Tel Aviv University Researchers Reduce Metastatic Spread After Colorectal Cancer Surgery

On the seventh day, the Kohen shall examine him, and if the affection has remained unchanged in color and the disease has not spread on the skin, the Kohen shall isolate him for another seven days.




(the israel bible)

August 11, 2020

2 min read

Scientists at Tel Aviv University (TAU)have found a way to cut the risk of metastasis of colorectal cancer after their tumor is removed in surgery. Giving medication for a short interval around the time of the surgery, the researchers were able to reduce body stress responses and physiological inflammation during this critical period, thus making it much more difficult for the cancer cells to spread to other parts of the body after the operation.

The study, recently published in prestigious journal Cancer, was led by Prof. Shamgar Ben-Eliyahu from TAU’s School of Psychological Sciences and the Sagol School of Neuroscience and Prof. Oded Zmora from Shamir (Assaf Harofeh) Medical Center in Tzrifin (near Rishon Lezion). 

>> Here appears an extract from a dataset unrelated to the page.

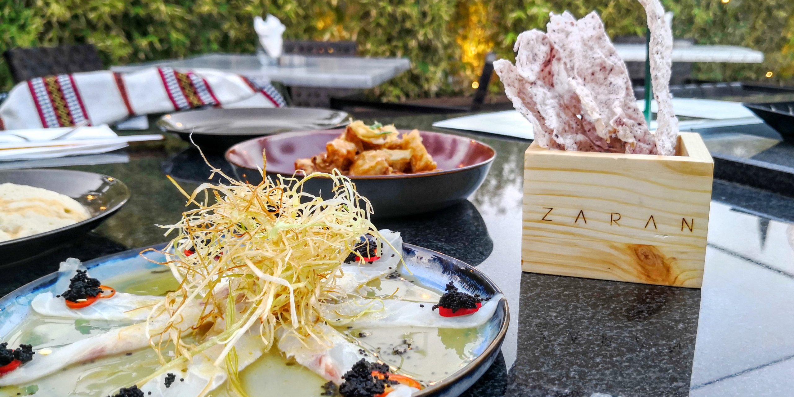 Before I get into the food, I should highlight that Zaran Rooftop is rather a place for drinks or just to chill and enjoy the view than for really hungry nights. However, they offer a really interesting variety of Japanese dishes, some of them I never tried before, or at least not that way. We started with Assorted Mezze, some rice crackers which tasted a bit like these Asian shrimp crackers, but less fishy and much better. They were light and we dipped them into the creamy, foamy Hummus. This came together with the Eggplant Miso. All together, this was a nice sensory introduction and a great combination of Japanese and Levantine cuisine. Also we had Ceviche, which is Seabass seasoned with Lemon Juice Chili and Caviar. It was topped with caramelized green onion, I believe. I enjoyed the great combination of sour and spicy while the sweet flavored green onion gave it something special. Definitely, something new for me and a great alternative to normal sushi or alike.

Even though the number of patients was small, the results were very promising. Only 12.5% (2 out of 16) of patients receiving the treatment were found to develop metastases; in the control (placebo-treated) group, metastases developed in 33% (six out of 18) of patients, which is in accordance with the known statistics for colorectal cancer patients

In the study, which lasted for three years, the researchers monitored 34 patients who received treatment surrounding a colorectal tumor removal surgery. During the pre- and post-surgical period, the patients were administered two safe and known drugs – propranolol (Deralin), an anti-anxiety and blood-pressure-reducing drug, and etodolac (Etopan), an anti-inflammatory analgesic. The drugs were given to the patients for only 20 days, starting from five days prior to surgery and until two weeks after, with half of the patients receiving a placebo treatment.

Ben-Eliyahu said he was very satisfied with these data, but added that “despite the impressive results, this treatment must be examined again, in a much larger number of patients, so as to test whether it is, in fact, lifesaving.” According to Ben-Eliyahu, the study of molecular markers in the cancerous tissue excised from the patients showed that the treatment with the medications has led to a reduction in the metastatic potential of the tumor and potentially the residual cancer cells. 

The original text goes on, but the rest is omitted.